Adaptive Immune System - B and T Cells

Question 1

What is the first response to infection?

When the first line of defence fails, what is there as the ‘back-up’?
- List the two branches of adaptive immunity, and what mediates them.

Answer 1

The first response to an infection would be the innate immune system. It has a rapid response and is non-specific (working with generic anti-bacterial or anti-viral mechanisms).
Most of the time, it fails to completely eliminate the infection.

As a back-up in case the innate immune system fails, the adaptive immune system is present.
It has a delayed response, but is highly specific in targeting an infection. It usually eliminates the infection, and in the process, creates a ‘memory’, providing the body with long-term immunity from that specific pathogen.
Some pathogens can evade this system by mutating rapidly.

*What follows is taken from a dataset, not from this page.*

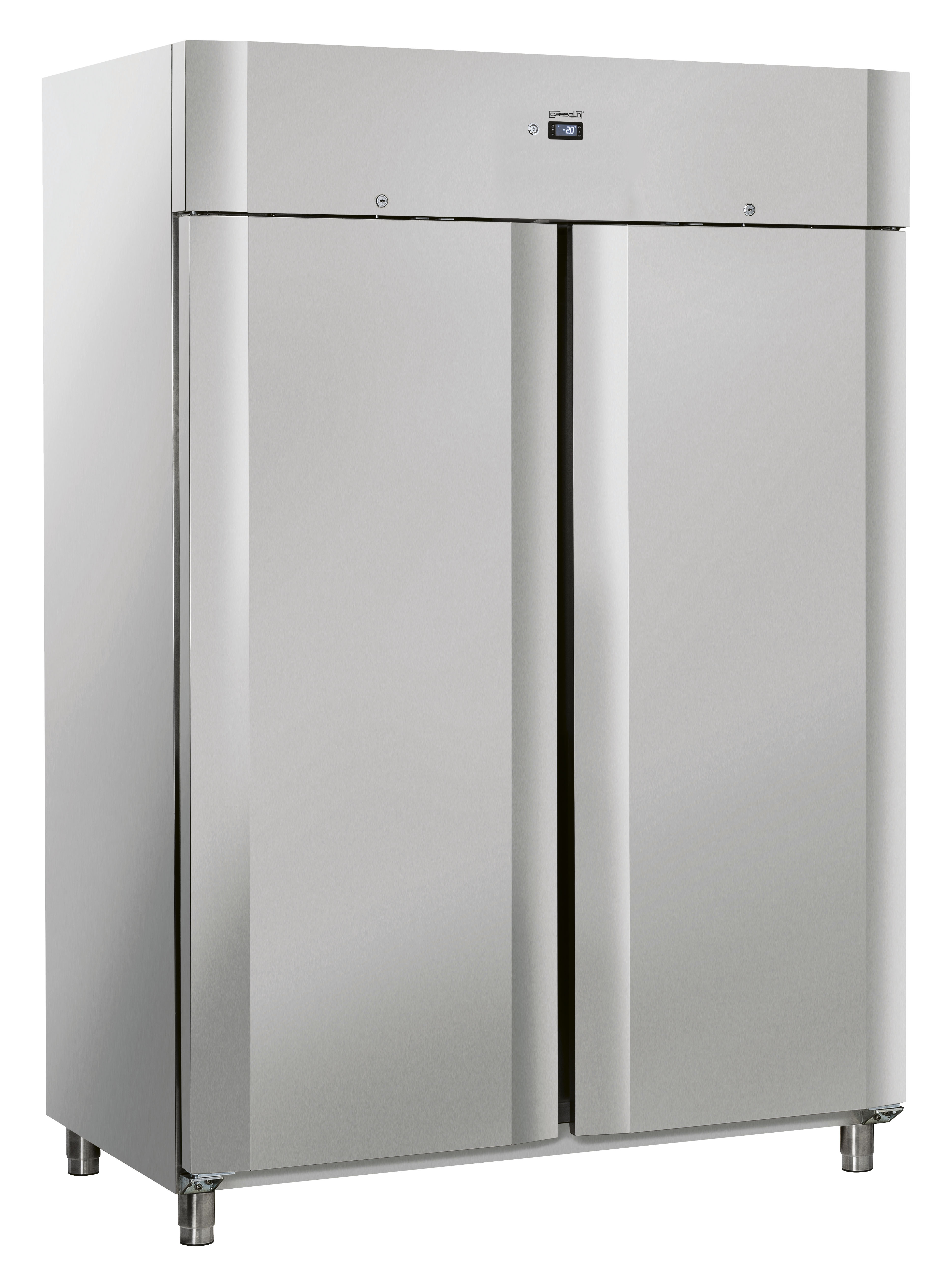- Acier inoxydable - Froid ventilé - Évaporateur avec traitement anti-corrosion - Encadrement anti-condensation - Agent moussant Cyclopentane (80 mm par côté) - Dégivrage par gaz chauds - Éclairage LED - Verrouillage porte par clé - Portes à fermeture automatique - Interrupteur ON/OFF - 8 étagères réglables pour GN 2/1 - Thermostat digital - Température réglable de -2°C à +8°C - Classe climatique : 4 - Capacité net : 820 L - Capacité commerciale : 1 255 L - Fluide réfrigérant : R 290 - Puissance : 286 W / 230 V - Dimensions : L 1 400 x P 823 x H 2 045 mm - Poids : 165 Kg

The two branches of adaptive immunity are:
- HUMOURAL IMMUNITY: mediated by B-lymphocytes, the plasma will contain antibodies
- CELLULAR IMMUNITY: mediated by CD8 and cytotoxic T-lymphocytes

Both of these branches are regulated by CD4 and helped T-lymphocytes (T-helped cells).

Question 2

Describe the structure and function of antibodies.

Answer 2

STRUCTURE:
It is an immunoglobulin glycoprotein released by plasma cells (differentiated B-cells). It is Y shaped and tetrameric, made up of 2 identical light chains and 2 identical heavy chains. These are held together by non-covalent interactions and S-S crosslinks between cysteine residues.

Each antibody has a variable region, which is where the amino acid sequence varies from one Ig molecule to the other. It is the part of the antibody that binds the antigen.
Each antibody also has a constant region, which is responsible for the effector functions of the antibody (ie. what the Ig will do after binding, for example, activating complement, binding to phagocytes)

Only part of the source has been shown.